The Fed combined what used to take two paragraphs into one – efficiency!  This is the “money paragraph” where the Fed lets the world know they are keeping short term rates the same as they were before.  And they also tell us how they do their job.  They want to keep rates low enough to keep people working but high enough so prices don’t rise too fast.  The last two sentences use a lot of fancy-sounding language to basically say, “We’re going to do a bunch of nothin’ this time around…”

This made the markets (both stock and bond) happy.  Longer term interest rates dropped and stock prices went up.  Win/win.

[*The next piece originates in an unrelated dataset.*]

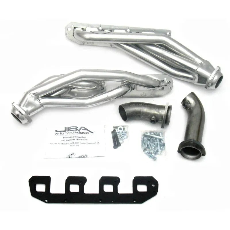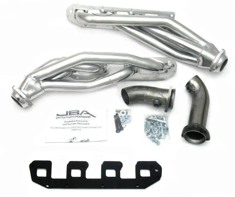 1962SJS JBA 04-09 Dodge Durango Shorty Headers (Silver Ceramic). JBA Shorty Headers are a top performance upgrade for your Dodge Durango 5.7L Hemi, offering significantly less restriction than stock manifolds. Crafted from mandrel bent stainless steel with thick machined flanges and oversized ports, they enhance power and efficiency. The proprietary Firecone collector design maximizes torque and horsepower where you need it most. Includes factory-style emission connections and high-quality hardware for a professional, no-leak installation. Durable enough for racing, towing, and daily driving.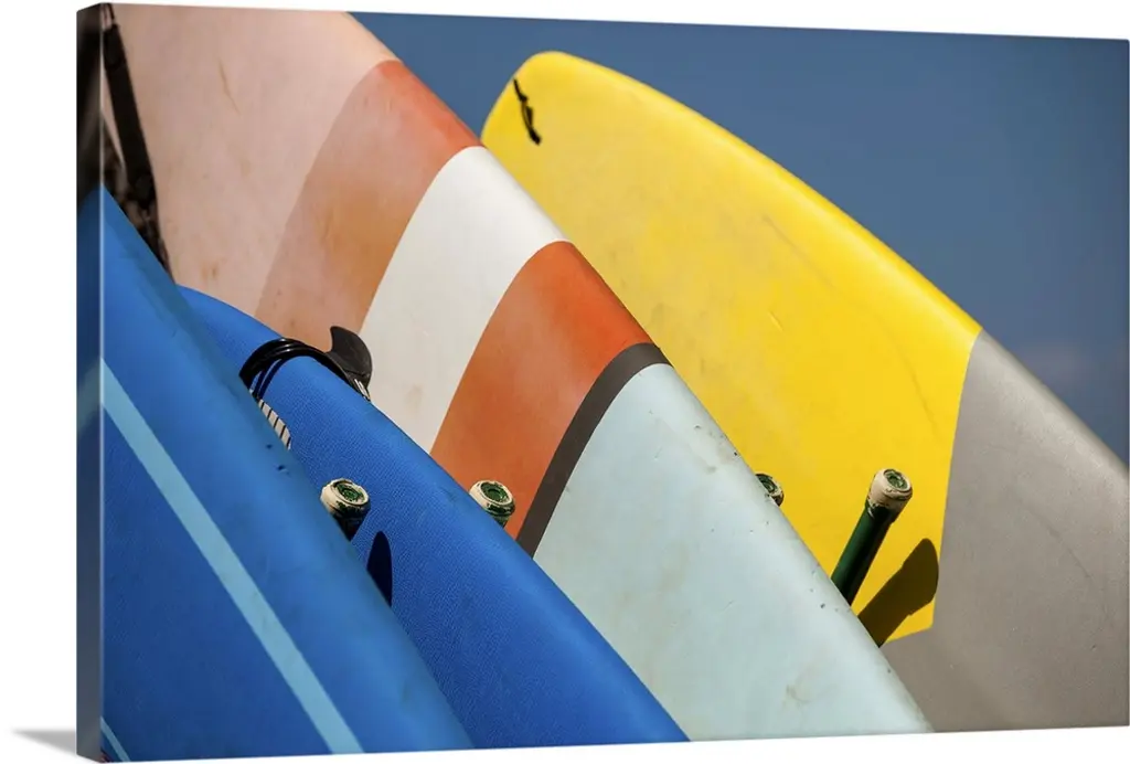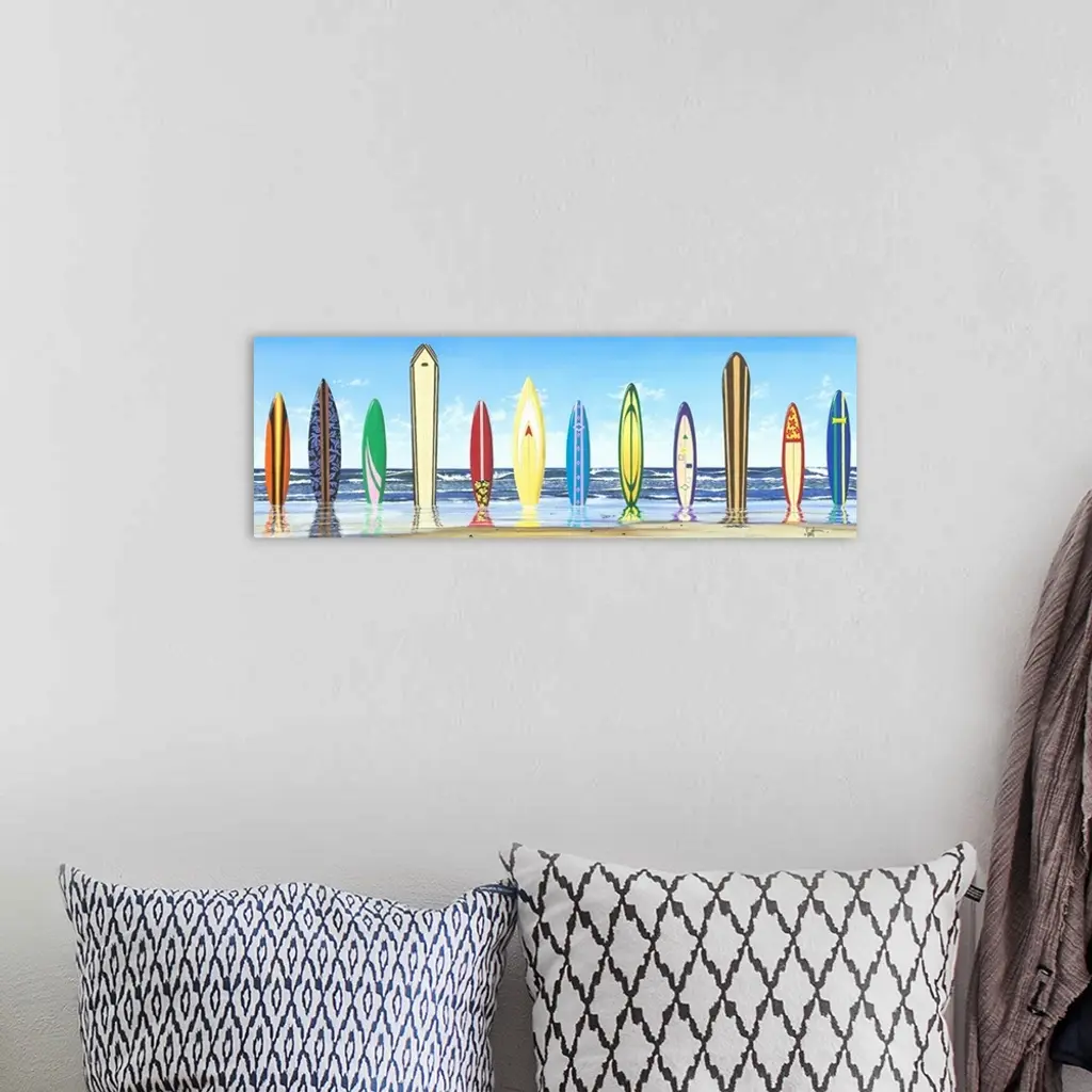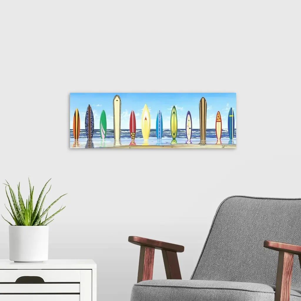 Panoramic photograph of color surfboards standing in sand with the ocean in the background.

In determining the timing and size of future adjustments to the target range for the federal funds rate, the Committee will assess realized and expected economic conditions relative to its maximum employment objective and its symmetric 2 percent inflation objective. This assessment will take into account a wide range of information, including measures of labor market conditions, indicators of inflation pressures and inflation expectations, and readings on financial and international developments.

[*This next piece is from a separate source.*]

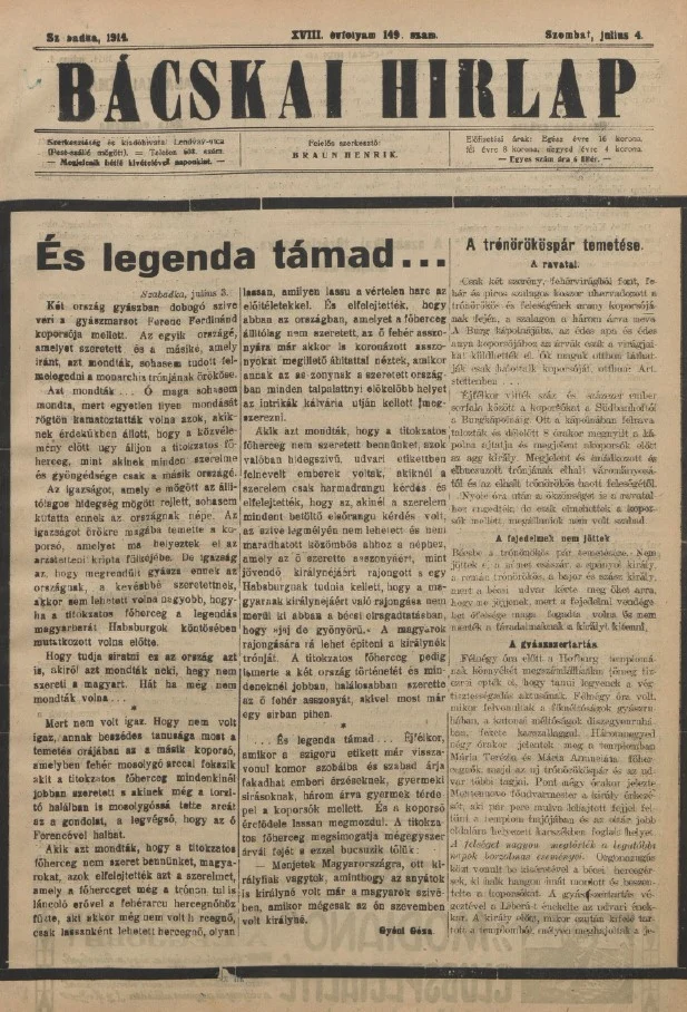 Bácskai Hirlap, 18. évf. 1914. július 4. 149. sz.

This is the same paragraph they always throw in where they basically say will review a lot of information (visualize hundreds of people with bad haircuts and mismatched socks) to make their future decisions.  Not sure why they feel they need to tell us this.  Maybe they think we believe they use their horoscope or a Ouija board to make trillion dollar monetary decisions…

Voting for the FOMC monetary policy action were: Jerome H. Powell, Chairman; John C. Williams, Vice Chairman; Michelle W. Bowman; Lael Brainard; James Bullard; Richard H. Clarida; Charles L. Evans; Esther L. George; Randal K. Quarles; and Eric S. Rosengren.

All the nerds agreed!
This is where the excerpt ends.